Инжектором втиснутые сны
  • Текст добавлен: 3 октября 2016, 19:24

Текст книги "Инжектором втиснутые сны"


Автор книги: Джеймс Бейкер



сообщить о нарушении

Текущая страница: 7 (всего у книги 22 страниц)

– Что-то ты вдруг стал необычайно великодушен.

– Да просто так и есть. Мы – триада величайшей эры рока. Спектор, Уилсон и я. Разумеется, как я уже сказал, я – вершина этой пирамиды. Когда-нибудь, через тысячу лет, от них останется примечание мелким шрифтом, но я – я буду божеством.

Здесь я ждал улыбки. Не дождался.

– Если уж зашел разговор о серф-музыке, может, расскажешь нам, как ты открыл группу «Vectors»?

– Мы вместе учились в средней школе. В Хермозе. Они часто смеялись надо мной в спортзале.

– Смеялись над тобой?

– Ну да. Они считали, что у меня хрен маловат. На самом деле он не такой уж маленький.
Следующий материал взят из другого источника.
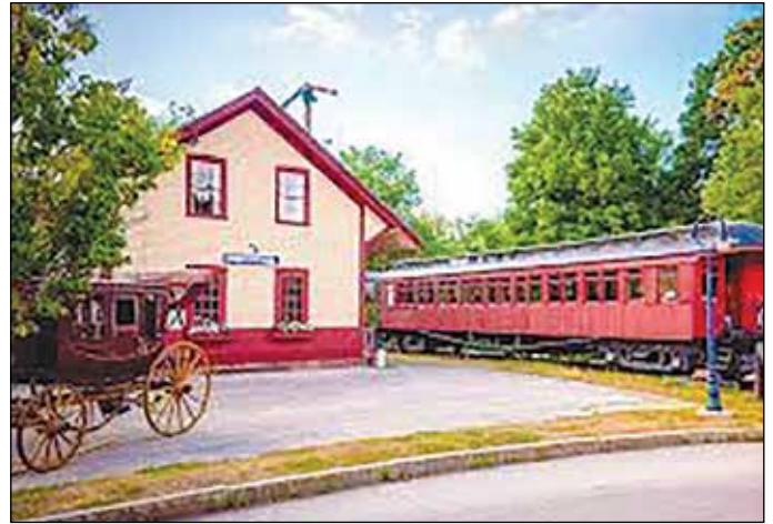
The Contoocook Railroad Museum and Visitors' Center.
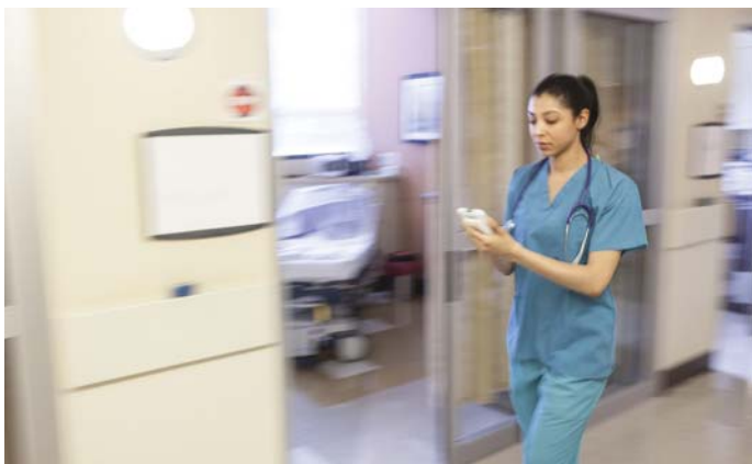
Smartphones allow faster response to telemetry alarms

The passage of the The Health Insurance Portability and Accountability Act (HIPAA), Health Information Technology for Economic and Clinical Health (HITECH) Act, and the Patient Protection and Affordable Care Act (PPACA, or ACA) have established new incentives to promote technology adoption, and created new regulations related to outcomes, patient safety, and documentation. In response, hospitals and other healthcare facilities have deployed a dizzying array of technology, from electronic medical record (EMR) systems and networked medical monitoring devices, to bar code scanners for medication administration at the bedside and hospital-provided mobile phones to improve team communication. While these efforts have provided improvements in patient safety and

Он того типа, который сильно увеличивается, когда стоит, понимаешь, о чем я? Но в раздевалке он казался маленьким.

– Понятно, – я подумал, что это надо будет вырезать. Проверил запись, чувствуя, что меня мутит.

– Ну, как бы то ни было, они были здоровенными парнями, крепкими белокурыми серферами, с огромными крепко-белокуро-серферными хренами, и они часто смеялись надо мной. В итоге вышло даже забавно. Потому что это они оказались гомиками, а не я.

– Думаешь, они были гомиками? – механически переспросил я, понимая, что это в интервью не пойдет.

– Я не думаю, я знаю. Они трахали друг друга в жопу каждый раз, как представлялся случай. Я как-то застукал их в номере отеля в Милуоки. «Отлично, ребятки, – сказал я, – вот все и ясно».

– Но они были еще и серферами. В смысле, они действительно занимались серфингом?

– Верно, занимались. Они были гомиками-серфингистами. И не раз выходили из воды, вывесив члены наружу.

Я налил себе еще дозу крепкого.

– Их первый хит, «Идем со мной», был весьма смелой для своего времени песней. В смысле сексуальности.

– Ты это о чем?

– Ну, двойной смысл названия. И такое оргазмическое крещендо…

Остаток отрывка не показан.